**WHAT THIS TASK INVOLVES:** Restate word for word the lines below that run from the one holding "Sofę narożną można" through the one holding "Tepelerden bakıldığında evlerin, ağaçların", inclusive. Pictures don't belong in the copy.

=== STORED DATA ===

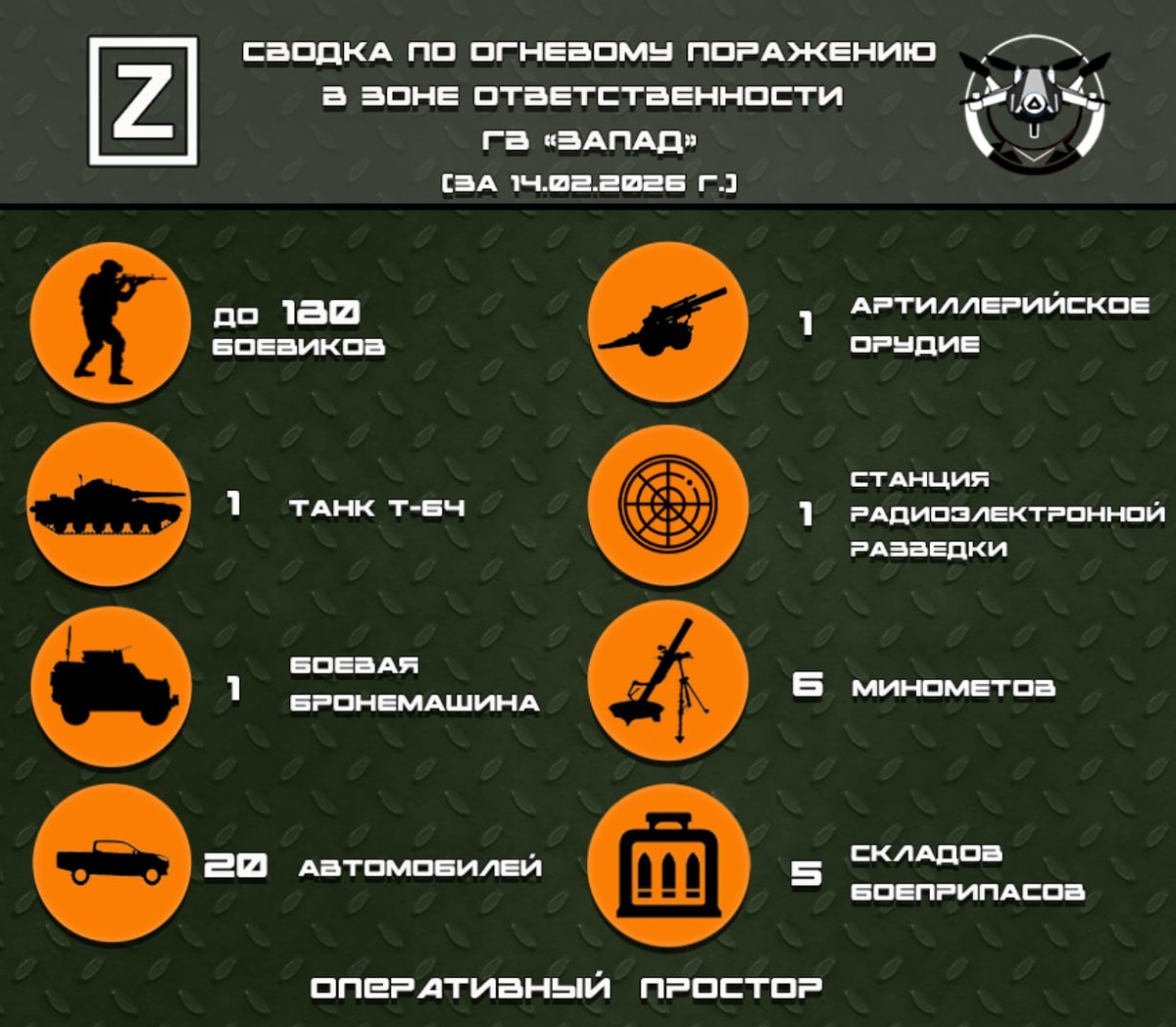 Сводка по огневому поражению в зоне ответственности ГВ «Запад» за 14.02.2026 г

===
=== STORED DATA ===

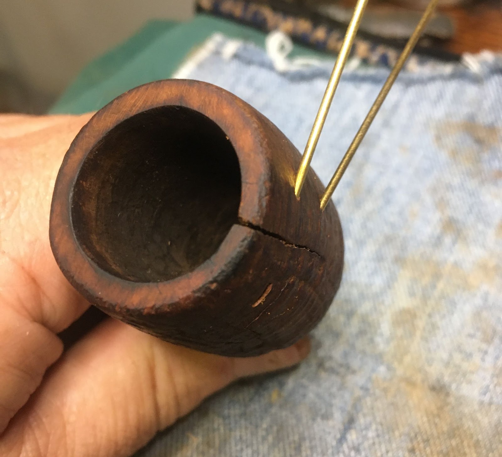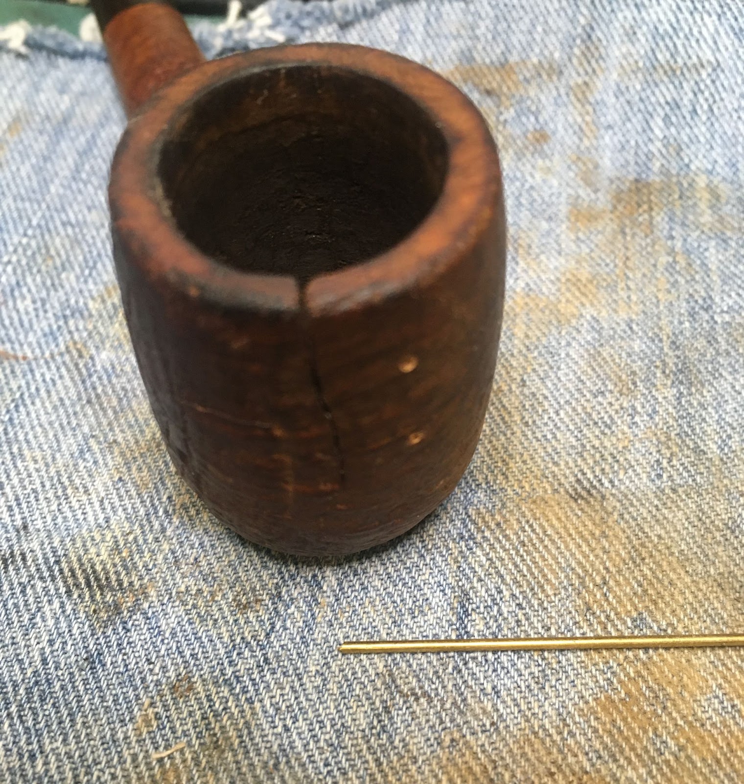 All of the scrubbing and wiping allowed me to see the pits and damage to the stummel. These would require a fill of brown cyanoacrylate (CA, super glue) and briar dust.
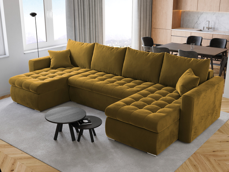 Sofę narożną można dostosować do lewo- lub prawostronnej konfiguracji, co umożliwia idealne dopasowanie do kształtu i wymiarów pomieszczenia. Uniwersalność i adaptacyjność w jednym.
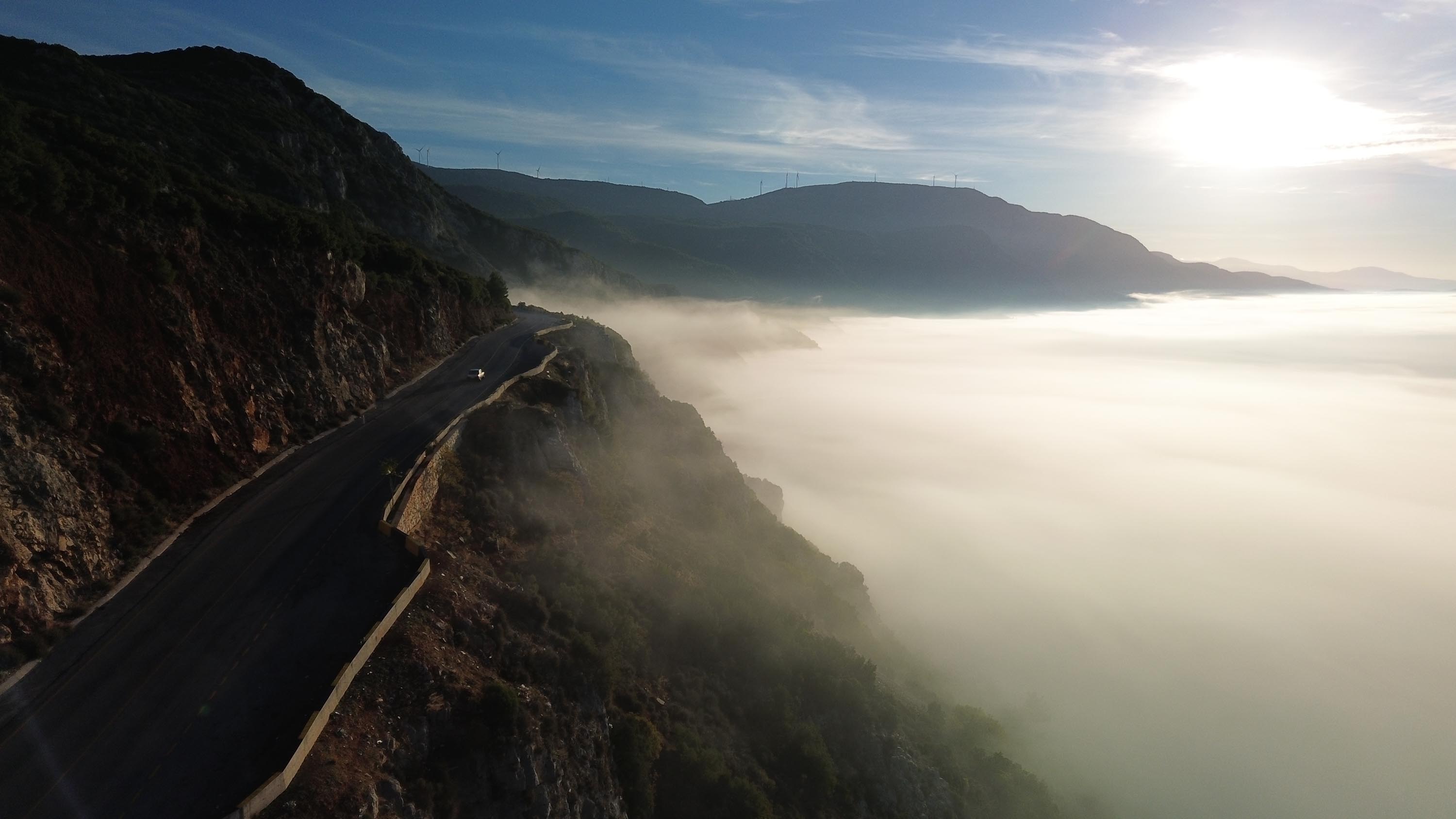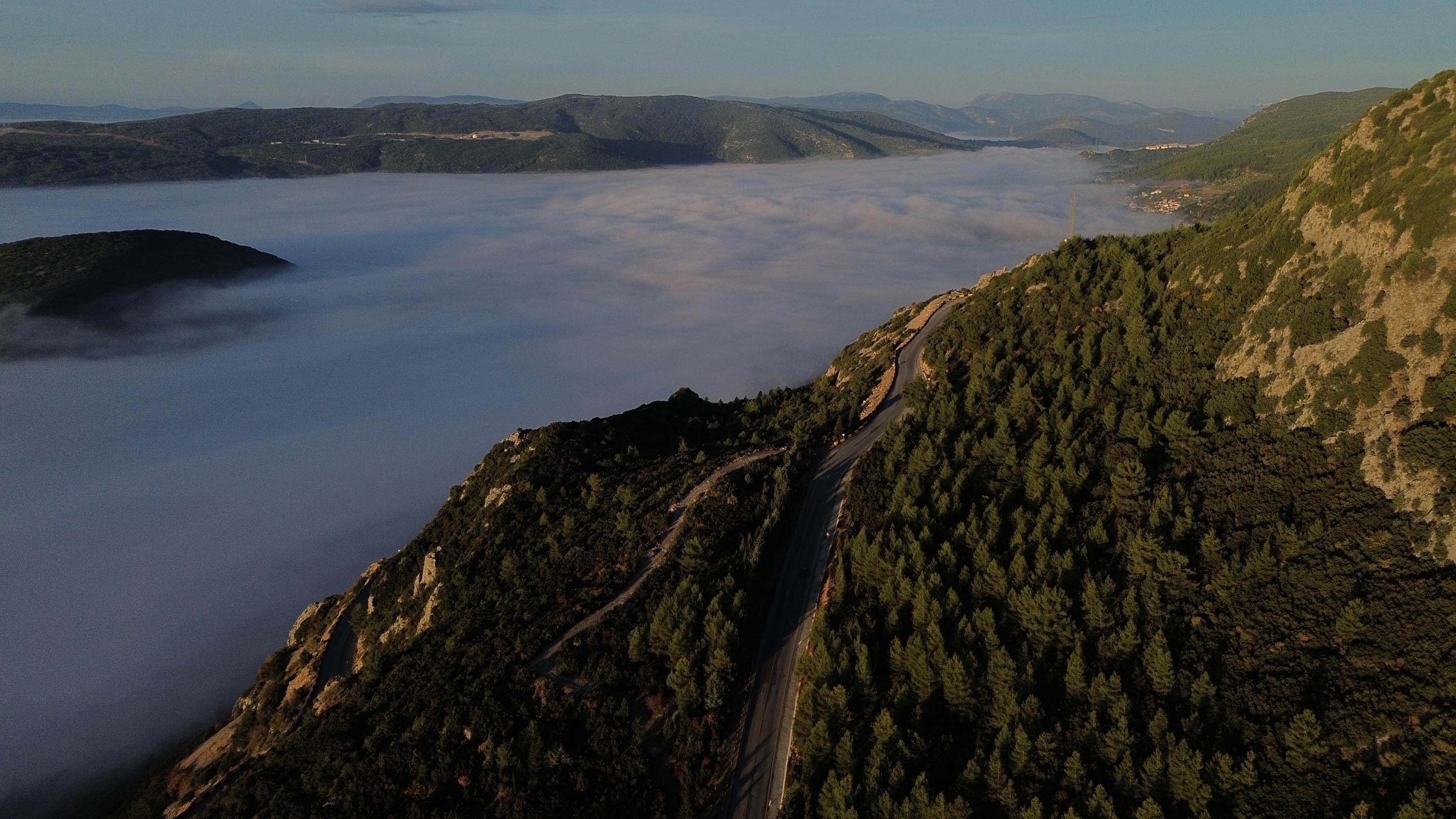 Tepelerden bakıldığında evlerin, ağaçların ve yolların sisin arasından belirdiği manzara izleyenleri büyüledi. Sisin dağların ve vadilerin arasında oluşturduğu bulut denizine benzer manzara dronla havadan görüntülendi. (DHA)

===
=== STORED DATA ===

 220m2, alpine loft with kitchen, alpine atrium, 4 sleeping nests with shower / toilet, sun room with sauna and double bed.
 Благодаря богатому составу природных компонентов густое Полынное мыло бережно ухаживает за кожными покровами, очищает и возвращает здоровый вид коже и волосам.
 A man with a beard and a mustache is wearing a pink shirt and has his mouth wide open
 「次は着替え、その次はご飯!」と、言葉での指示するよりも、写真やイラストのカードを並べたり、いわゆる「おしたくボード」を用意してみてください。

===

**REPLY:**
 Sofę narożną można dostosować do lewo- lub prawostronnej konfiguracji, co umożliwia idealne dopasowanie do kształtu i wymiarów pomieszczenia. Uniwersalność i adaptacyjność w jednym.
 Tepelerden bakıldığında evlerin, ağaçların ve yolların sisin arasından belirdiği manzara izleyenleri büyüledi. Sisin dağların ve vadilerin arasında oluşturduğu bulut denizine benzer manzara dronla havadan görüntülendi. (DHA)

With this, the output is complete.